Привлекательность неизвестного привела Сквайерса к тому, что он стал профессором астрономии в Корнелле. «Даже после трех с лишним десятилетий странствий по неизведанному, – говорит он, – я все еще не потерял этот порыв, это чувство восторга, которое приходит, когда я вижу то, чего никто никогда не видел раньше».

Но ведь не только астрономы наслаждаются неизвестностью – взять хоть другого Стива. В начале каждой сцены Стивен Спилберг оказывается в плену громадной неопределенности. «Каждый раз, когда я начинаю новую сцену, я нервничаю, – объясняет он – Я не знаю, о чем я буду думать, слушая реплики, я не знаю, что скажу актерам, я не знаю, куда поставлю камеру»[66]. В такой ситуации другие бы впали в панику, но Спилберг описывает это как «величайшее в мире чувство». Он знает, что только полная неопределенность приносит лучшие творческие результаты.

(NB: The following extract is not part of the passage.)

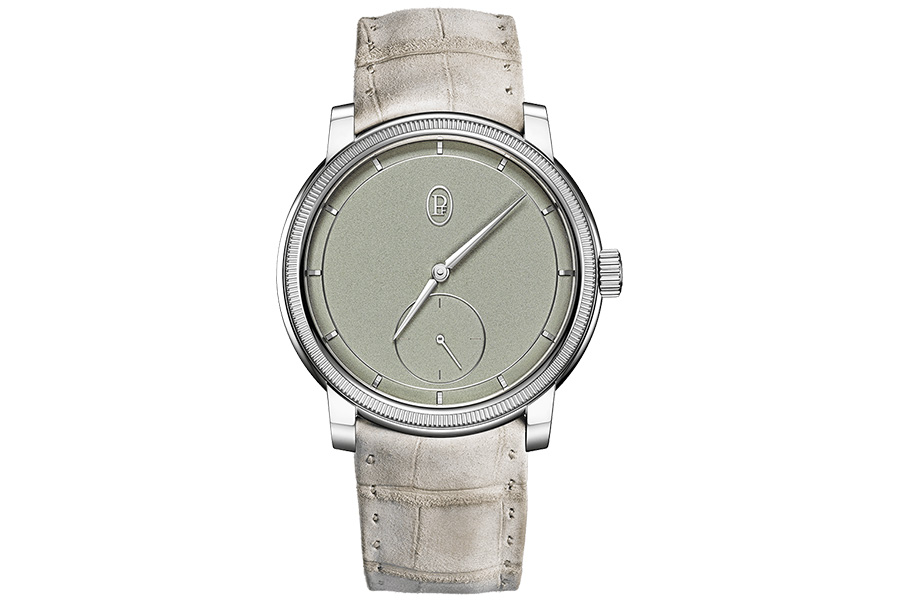 True to the requirements of a dress watch, the finessed details of the Toric Petite Seconde Platinum, a 2024 revival of an early piece from the repertoire of watchmaker Michel Parmigiani, do not aim to distract but instead reveal themselves through careful consideration. This includes the hand-grained gold “chevé” dial and its mesmerizing textured appearance. The dial is set within a 40.6mm platinum case, enhanced by a knurled bezel. The 18K gold rhodium-plated indices and a minimal small seconds subdial round out the aesthetic attributes, along with a tan alligator strap. Inside is Parmigiani Fleurier’s own PF780 manual-winding movement.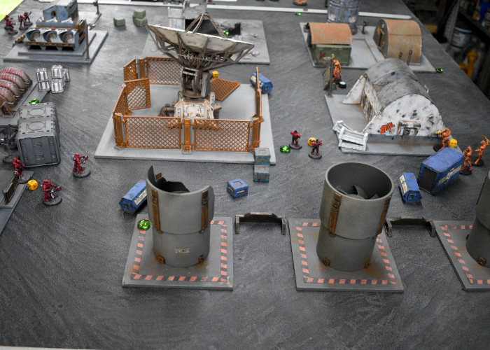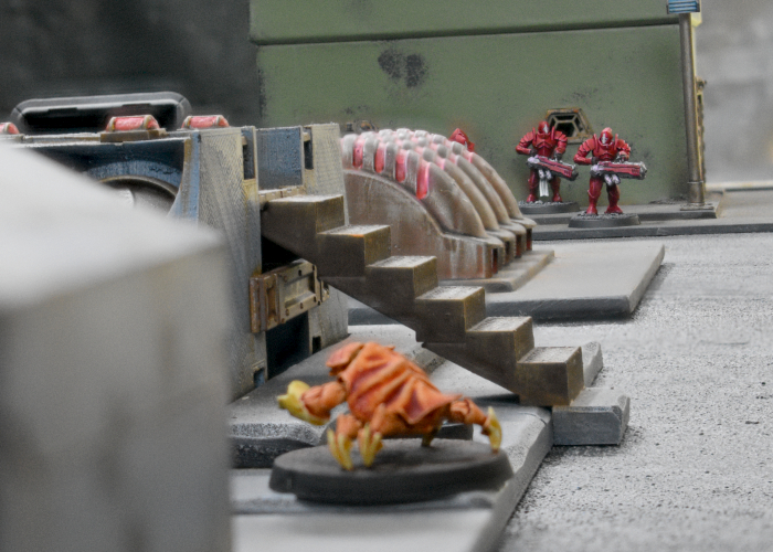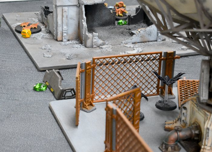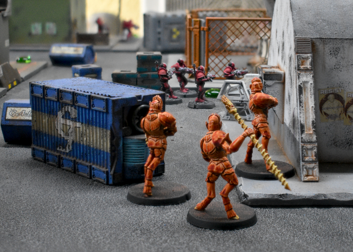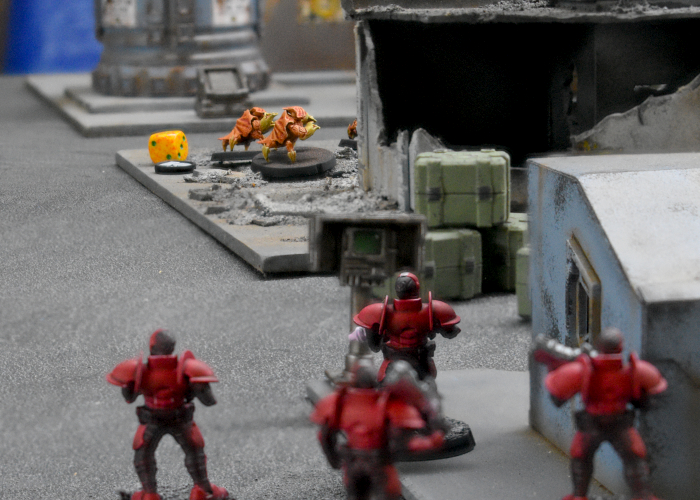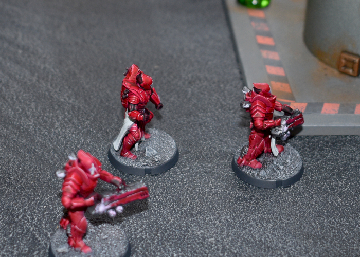 Attempting to get away from the Minnows' attack, the Tamakin shuffled towards the back of the Karist deployment zone, Taking Cover behind the trash unit. Their refuge turned out to be short lived, however, as the Tempests were able to Dash back to draw a bead on the cowering thralls. With the Nova's gauntlet out of range, the Tempests' Ravager Cannon shots were blocked by cover, but did manage to raise the Tamakins' suppression level.

Весь прогресс – в ракетостроении, в кино, в любой вашей деятельности – творится в темных комнатах. И все же многие из нас боятся темноты. Паника начинает копиться в тот момент, когда мы отказываемся от комфорта света. Мы заполняем темные комнаты нашими худшими страхами и готовим запасы, ожидая наступления апокалипсиса.

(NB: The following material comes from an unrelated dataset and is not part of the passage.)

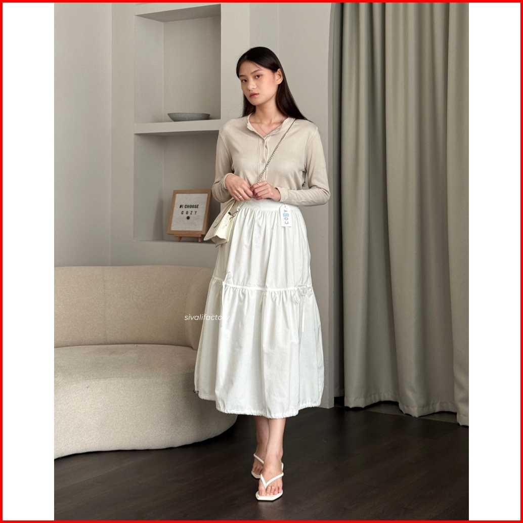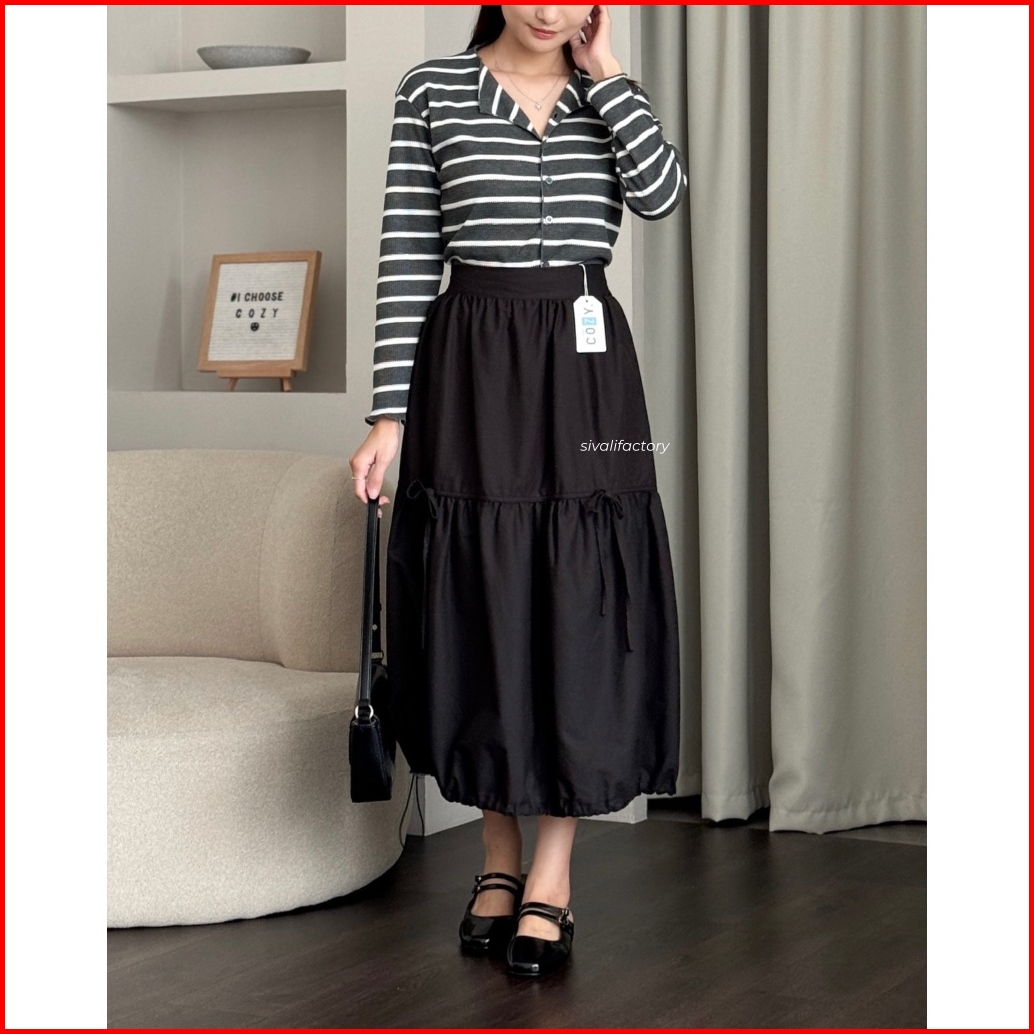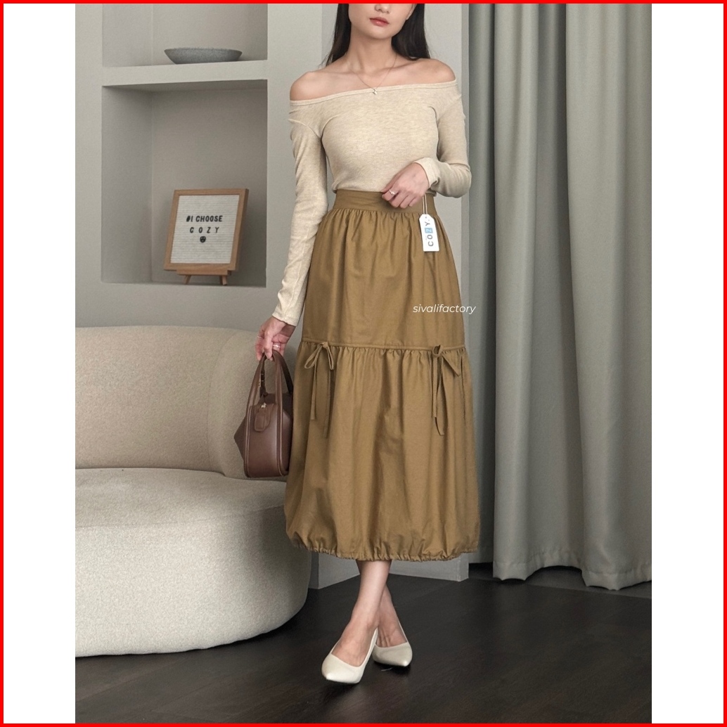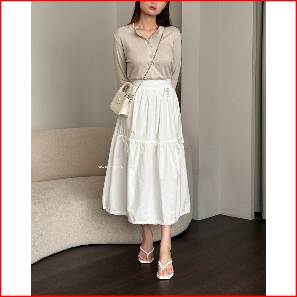Sivali Charlotte Skirt - Rok Ruffle Ribbon Drawstring Midi Maxi - Korean Skirt

Но неопределенность редко порождает грибовидное облако. Она ведет к радости, открытию и полной реализации вашего потенциала. Неопределенность – значит делать то, чего раньше никто не делал, и открывать то, что не увидит никто другой. Жизнь предлагает больше, когда мы относимся к неопределенности как к другу, а не как к врагу.

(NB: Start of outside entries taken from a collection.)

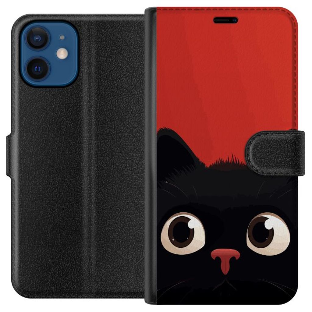 Apple iPhone 12 Sort Lommebokdeksel Busig Katt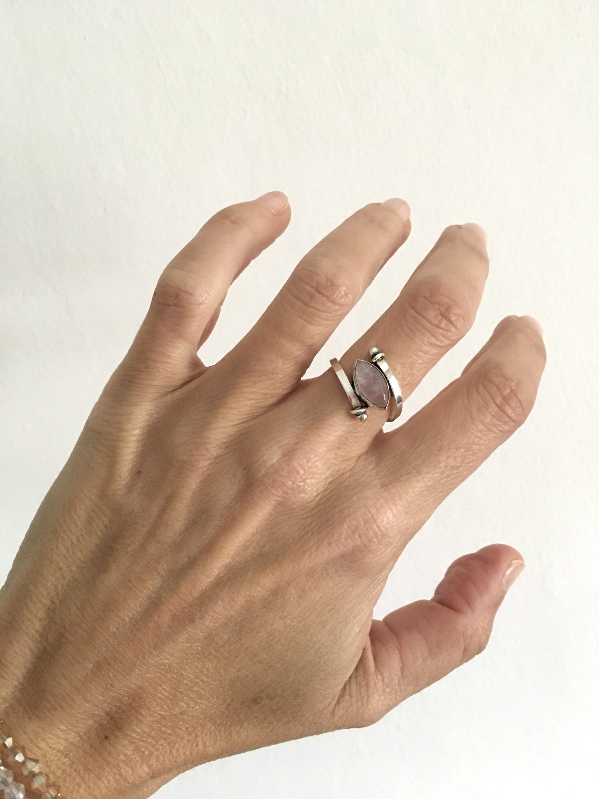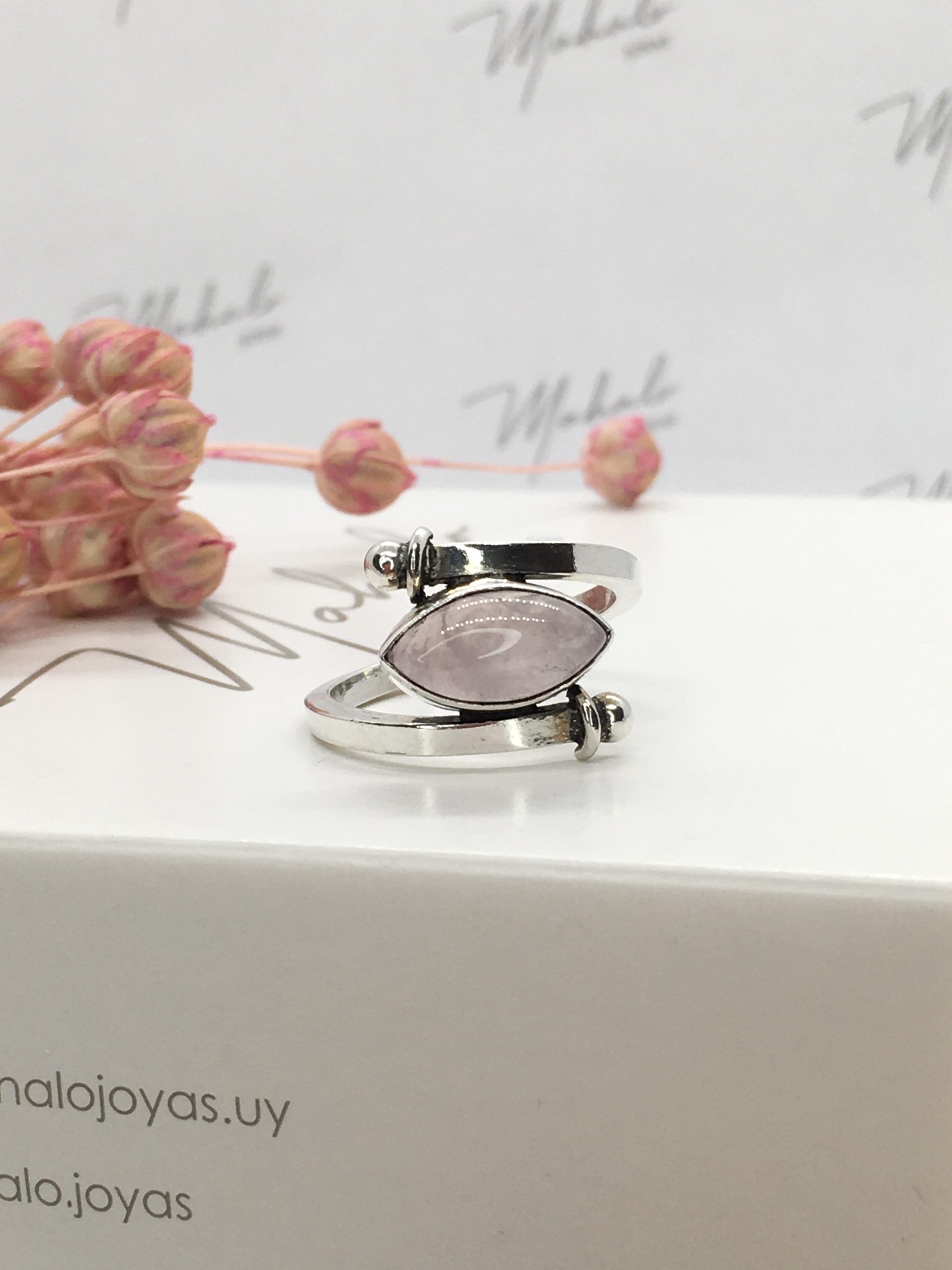 Anillo confeccionado en Plata 925 con piedra natural de cuarzo rosa. Su color permite que sea un anillo muy facil de combinar con otros colores, dando un toque de delicadeza y frescura a tu estilo.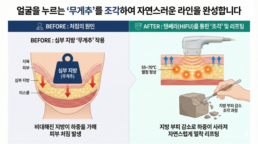 수원텐쎄라효과의 본질은 피부 겉면을 억지로 끌어올리는 것이 아니라, 얼굴 처짐의 주범인 피하지방층의 부피를 줄이고 느슨해진 근막(SMAS)을 수축시키는 데 있습니다.

Более того, в большинстве темных комнат есть двери с двусторонним, а не с односторонним движением. Многие из наших путешествий в неизвестное обратимы. Как пишет бизнес-магнат Ричард Брэнсон, «вы можете пройти [в дверь], посмотреть, что там, и вернуться обратно, если это вам не понравится»[67]. Нужно лишь оставить дверь открытой. Так Брэнсон и подошел к запуску его авиакомпании Virgin Atlantic. Его сделка с Boeing позволяла вернуть первый купленный самолет, если новая авиакомпания не «выстрелит». Брэнсон превратил то, что выглядело как односторонняя дверь, в двустороннюю – действие, которое позволяло ему выйти, если ему не понравится увиденное.

Однако возможность пройти через что-то – не самая подходящая метафора. Ценители неопределенности не просто входят в темные комнаты. Они в них танцуют. И я не имею в виду неуклюжий школьный танец «руки врозь», во время которого вы поддерживаете строгую дистанцию в 30 сантиметров от своей пассии, пытаясь завязать непринужденный разговор. Нет, их танец больше похож на танго: гладкий, интимный и некомфортный, но чарующе близкий. Они знают, что лучший способ найти свет – это не оттолкнуть неопределенность, а упасть в ее объятия.

Ценители неопределенности знают, что эксперимент с известным результатом – это вовсе не эксперимент, а повторение одних и тех же ответов, это не прогресс. Мы топчемся на месте, если исследуем только хорошо протоптанные тропы, если избегаем игр, в которые не умеем играть. Только когда вы танцуете в темноте, только когда не знаете, где найти выключатель (или даже чем он является), может начаться прогресс.

Сначала хаос, потом прорыв. Когда остановится танец, прекратится и прогресс.